EKR has an alternative solution - let TLS take care of ciphersuites at each hop, rely on mandatory-to-implement as common-denominator, trust proxies for mandatory upgrade/downgrade.

Jonathan - with EKR on this one, proxies can do so many things that are worse.

SS thinking of catching evil proxies more quickly, allow UAC to control ciphersuite selection.

SIP Security advisor says there's a hole in this. Would Security ADs pass this document?

EKR - current security is worse, right?

Dean - this catches stupid proxies. Evil proxies lie.

EKR - in TLS, your client has no control over what the server actually chooses, right?

Proxies doing DTLS to TLS need to know ciphersuites for other protocols.

Open issues - which solution to pick?

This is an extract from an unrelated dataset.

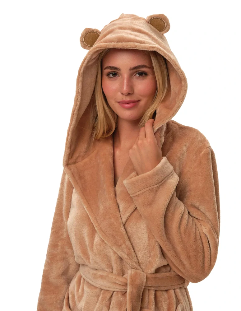 - dámský župan s kapucí, délka nad kolena. Župan s kapucí. Kapuce je ozdobená dvěma ouškama se třpytivým efektem. Na bocích jsou dvě kapsy. Pásek na stažení. Měkoučký a hebký materiál, který je příjemný na nošení. Krásný a teplý materiál, jemný na dotek, ve které se budete cítit celý den nádherně.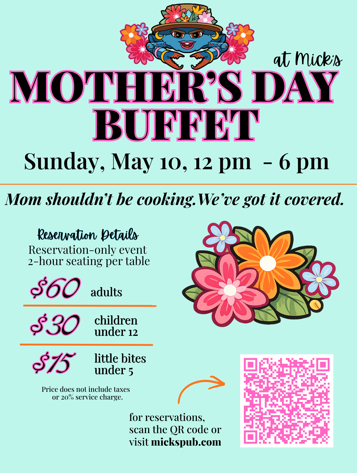 Whether you’re celebrating Mom, Grandma, or someone who’s like a mom to you—this is her day to kick back, relax, and be spoiled (the Mick’s way).

Partial adoption with SIPS? Impact of renegotiation of ciphersuites needs to be analyzed?

Has anyone else read the draft? 5 or 6. Anyone who might implement?

John - I thought so, not so sure now if we're trusting proxies.

Dean - need a mechanism for Proxy A and Proxy C to keep an eye on Proxy B - this could be it.

Discussions about SIP and TLS don't state problems and then argue about details, so never come to conclusions. Need starkly clear statement of problem and benefit to users.

Please respin and we'll look at this again.